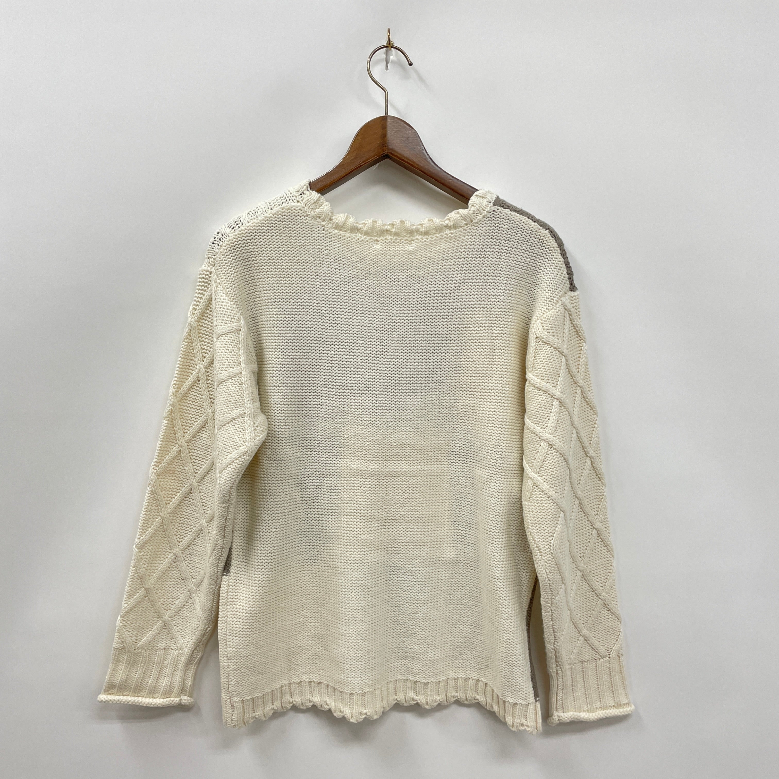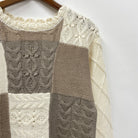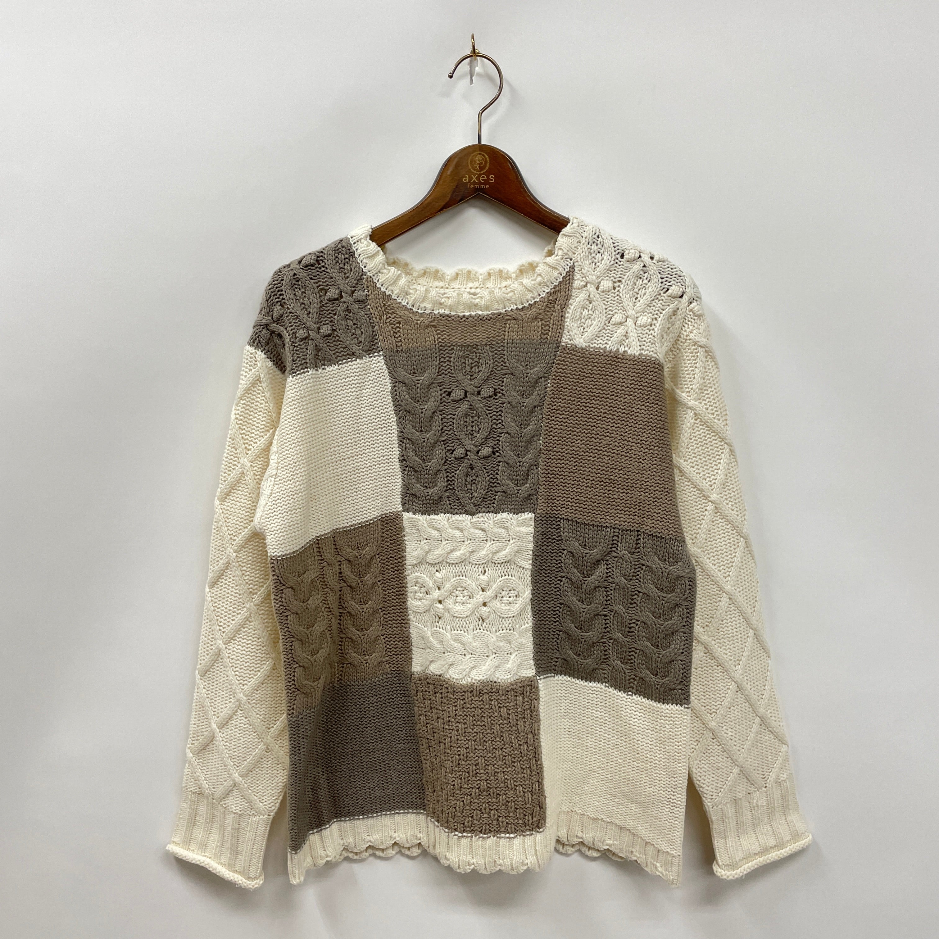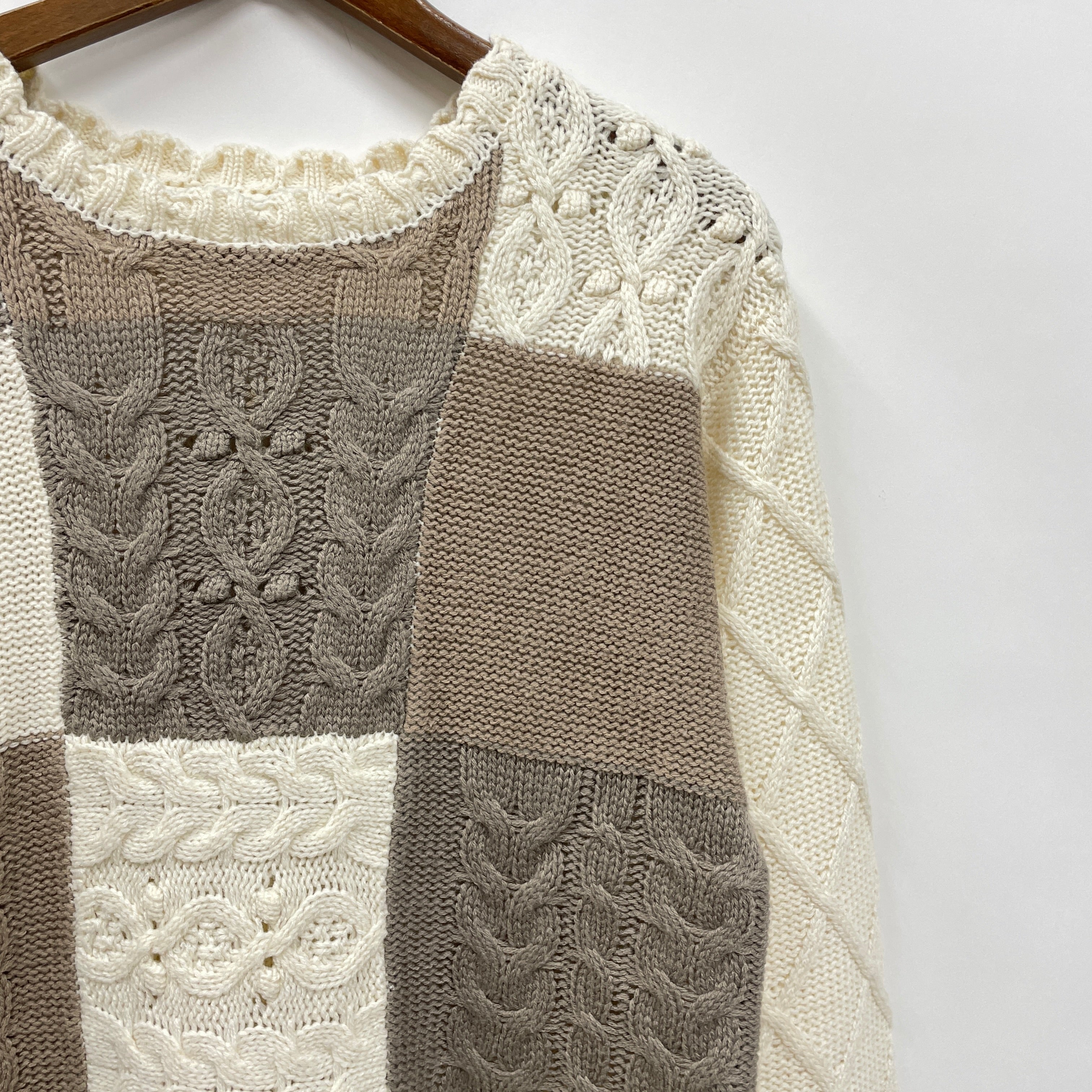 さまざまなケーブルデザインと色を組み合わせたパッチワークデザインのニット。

★ ★ ★ ★ ★

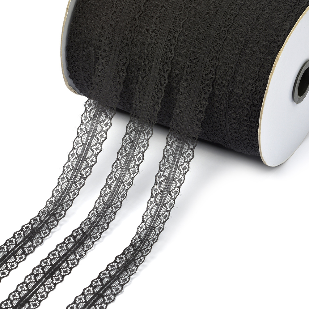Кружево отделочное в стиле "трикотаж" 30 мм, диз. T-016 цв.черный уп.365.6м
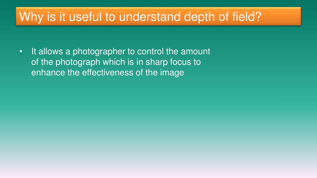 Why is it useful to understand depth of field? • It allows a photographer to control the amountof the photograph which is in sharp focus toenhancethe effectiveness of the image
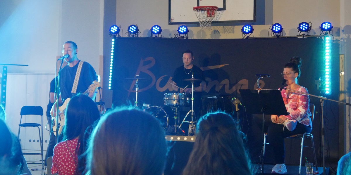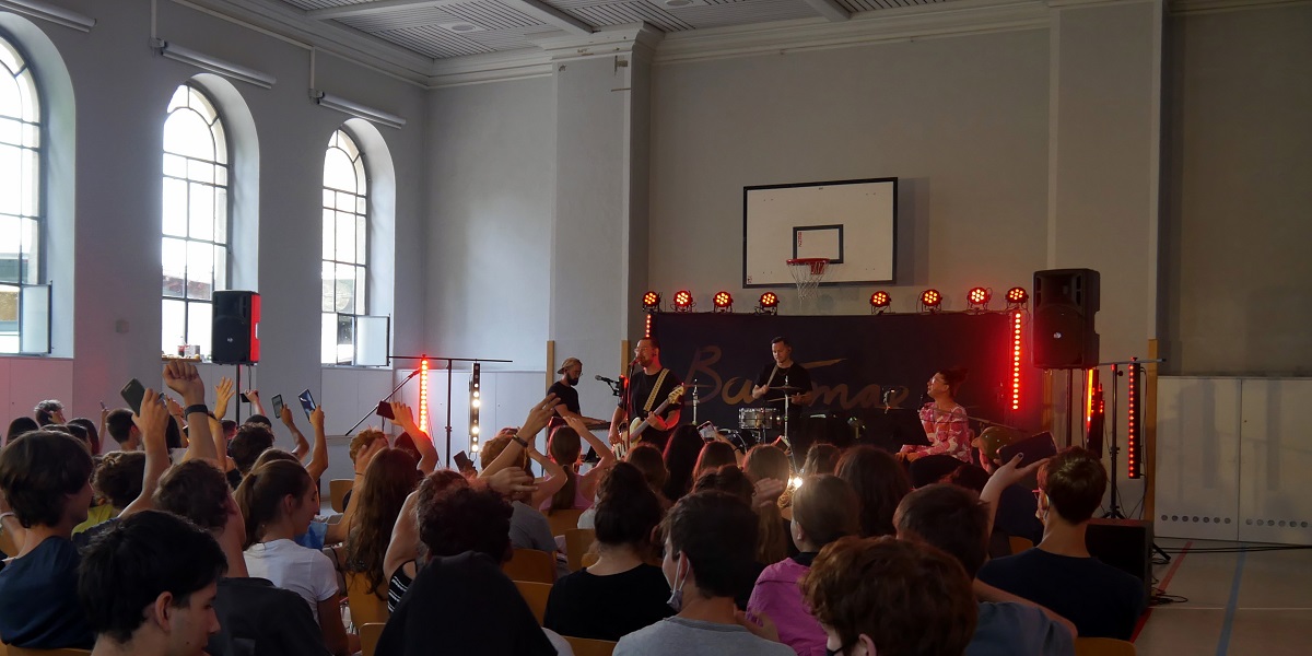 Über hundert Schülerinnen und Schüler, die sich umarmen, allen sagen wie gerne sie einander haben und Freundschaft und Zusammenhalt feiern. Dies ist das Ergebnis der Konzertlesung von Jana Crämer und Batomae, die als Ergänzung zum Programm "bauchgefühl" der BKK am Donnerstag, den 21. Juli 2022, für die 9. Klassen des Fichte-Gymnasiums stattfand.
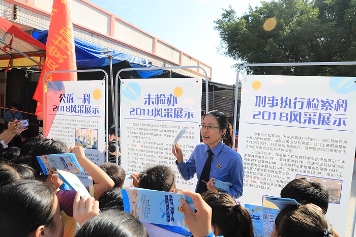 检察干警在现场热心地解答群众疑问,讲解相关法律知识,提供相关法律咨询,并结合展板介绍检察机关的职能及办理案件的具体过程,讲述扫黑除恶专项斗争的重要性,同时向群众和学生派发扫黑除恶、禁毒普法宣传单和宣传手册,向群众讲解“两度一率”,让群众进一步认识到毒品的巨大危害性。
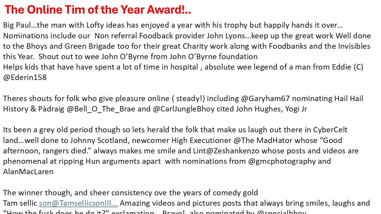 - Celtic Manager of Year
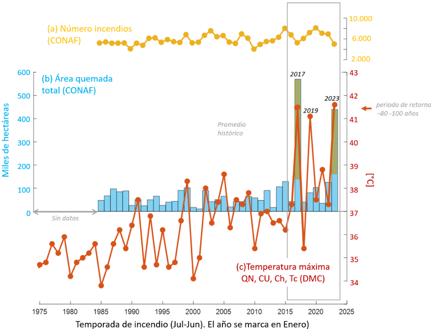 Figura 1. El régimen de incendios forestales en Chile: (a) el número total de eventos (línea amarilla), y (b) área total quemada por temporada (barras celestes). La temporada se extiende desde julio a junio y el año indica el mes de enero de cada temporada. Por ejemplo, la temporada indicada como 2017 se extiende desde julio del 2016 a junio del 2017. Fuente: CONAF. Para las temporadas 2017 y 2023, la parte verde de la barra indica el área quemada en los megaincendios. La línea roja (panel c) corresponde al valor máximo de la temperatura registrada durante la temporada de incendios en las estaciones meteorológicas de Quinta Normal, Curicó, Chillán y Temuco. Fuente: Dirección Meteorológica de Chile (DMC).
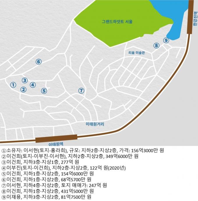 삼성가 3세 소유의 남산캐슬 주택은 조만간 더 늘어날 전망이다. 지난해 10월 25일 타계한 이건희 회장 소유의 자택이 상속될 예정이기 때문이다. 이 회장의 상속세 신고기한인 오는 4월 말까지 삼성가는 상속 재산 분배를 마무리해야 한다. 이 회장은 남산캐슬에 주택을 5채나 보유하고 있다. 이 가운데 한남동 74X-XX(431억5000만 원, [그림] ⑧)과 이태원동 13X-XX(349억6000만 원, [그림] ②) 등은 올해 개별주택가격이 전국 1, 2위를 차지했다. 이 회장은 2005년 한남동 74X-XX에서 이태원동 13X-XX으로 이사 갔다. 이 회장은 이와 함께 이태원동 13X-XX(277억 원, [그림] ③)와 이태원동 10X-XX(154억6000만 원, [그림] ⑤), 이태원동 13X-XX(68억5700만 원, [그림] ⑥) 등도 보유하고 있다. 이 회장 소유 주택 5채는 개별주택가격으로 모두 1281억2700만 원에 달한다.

★ ★ ★ ★ ★

Out of the records above, return only the lines from the one with "Кружево отделочное в" through the one with "- Celtic Manager of Year", exactly, and none of the pictures.

Response to this task:
Кружево отделочное в стиле "трикотаж" 30 мм, диз. T-016 цв.черный уп.365.6м
 Why is it useful to understand depth of field? • It allows a photographer to control the amountof the photograph which is in sharp focus toenhancethe effectiveness of the image
 Über hundert Schülerinnen und Schüler, die sich umarmen, allen sagen wie gerne sie einander haben und Freundschaft und Zusammenhalt feiern. Dies ist das Ergebnis der Konzertlesung von Jana Crämer und Batomae, die als Ergänzung zum Programm "bauchgefühl" der BKK am Donnerstag, den 21. Juli 2022, für die 9. Klassen des Fichte-Gymnasiums stattfand.
 检察干警在现场热心地解答群众疑问,讲解相关法律知识,提供相关法律咨询,并结合展板介绍检察机关的职能及办理案件的具体过程,讲述扫黑除恶专项斗争的重要性,同时向群众和学生派发扫黑除恶、禁毒普法宣传单和宣传手册,向群众讲解“两度一率”,让群众进一步认识到毒品的巨大危害性。
 - Celtic Manager of Year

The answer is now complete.